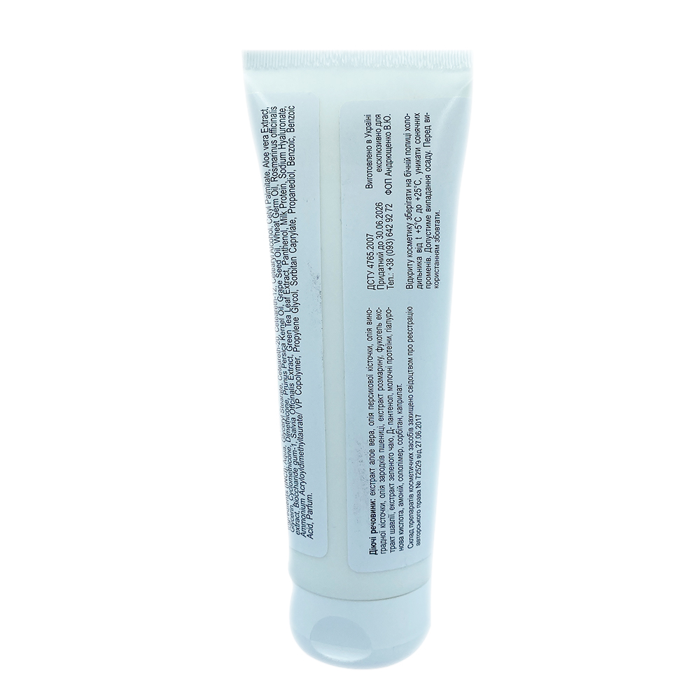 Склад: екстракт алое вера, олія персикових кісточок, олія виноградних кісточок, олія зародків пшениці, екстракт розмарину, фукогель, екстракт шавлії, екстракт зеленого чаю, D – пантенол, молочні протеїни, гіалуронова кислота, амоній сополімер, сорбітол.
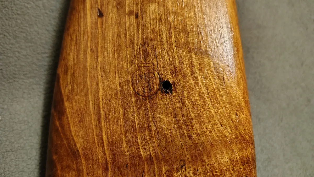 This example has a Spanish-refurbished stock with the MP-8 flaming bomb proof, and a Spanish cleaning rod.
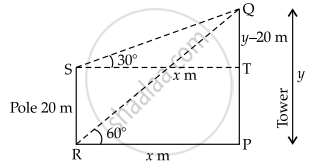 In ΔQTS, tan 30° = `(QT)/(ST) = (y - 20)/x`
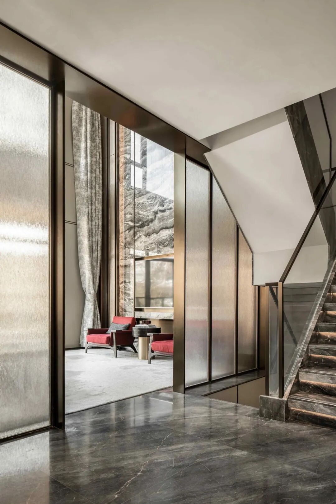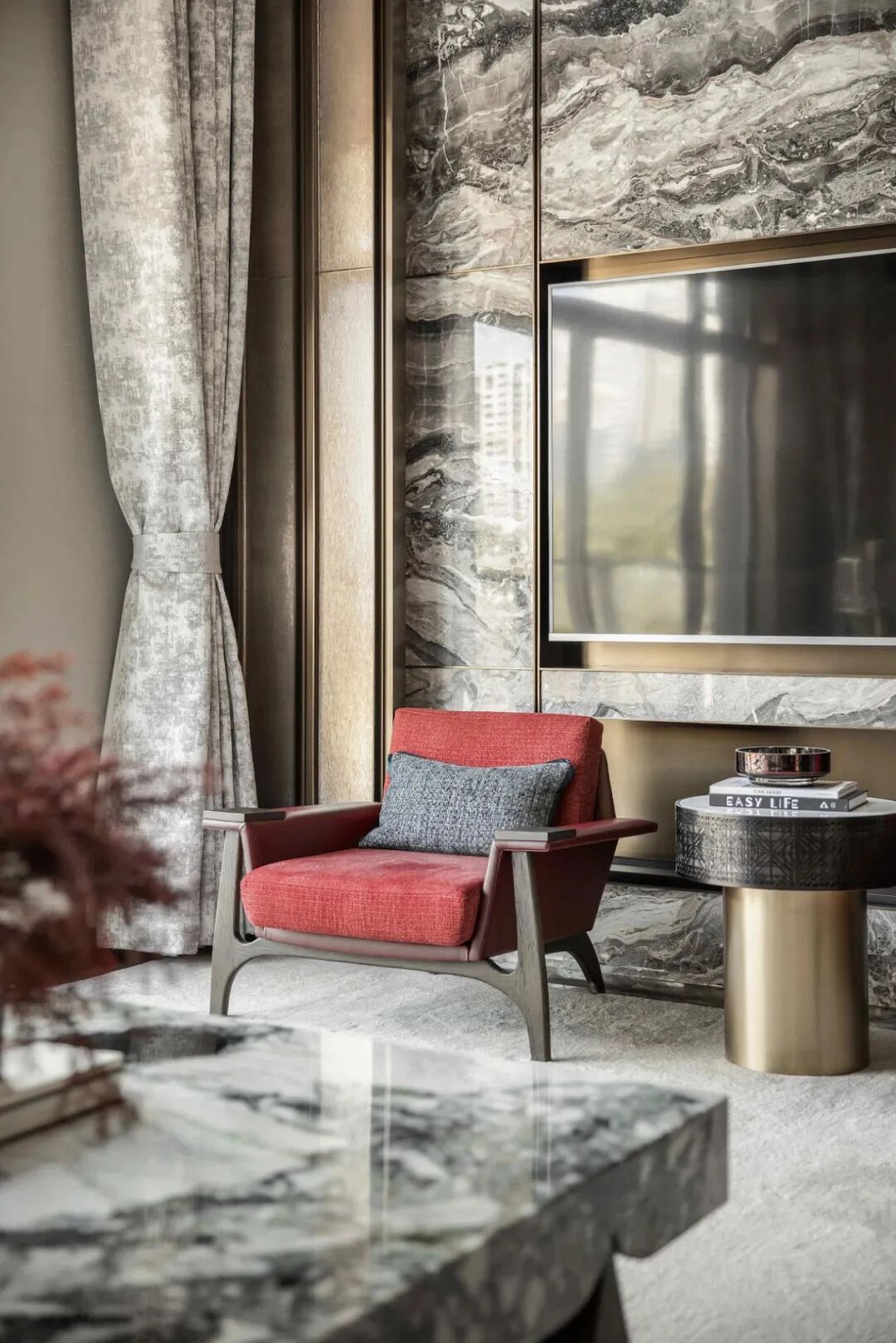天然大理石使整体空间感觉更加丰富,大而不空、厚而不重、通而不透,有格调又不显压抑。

#####

■ Task directions: Give the listing again word for word, without its images.

■ Completed task:
 Склад: екстракт алое вера, олія персикових кісточок, олія виноградних кісточок, олія зародків пшениці, екстракт розмарину, фукогель, екстракт шавлії, екстракт зеленого чаю, D – пантенол, молочні протеїни, гіалуронова кислота, амоній сополімер, сорбітол.
 This example has a Spanish-refurbished stock with the MP-8 flaming bomb proof, and a Spanish cleaning rod.
 In ΔQTS, tan 30° = `(QT)/(ST) = (y - 20)/x`
天然大理石使整体空间感觉更加丰富,大而不空、厚而不重、通而不透,有格调又不显压抑。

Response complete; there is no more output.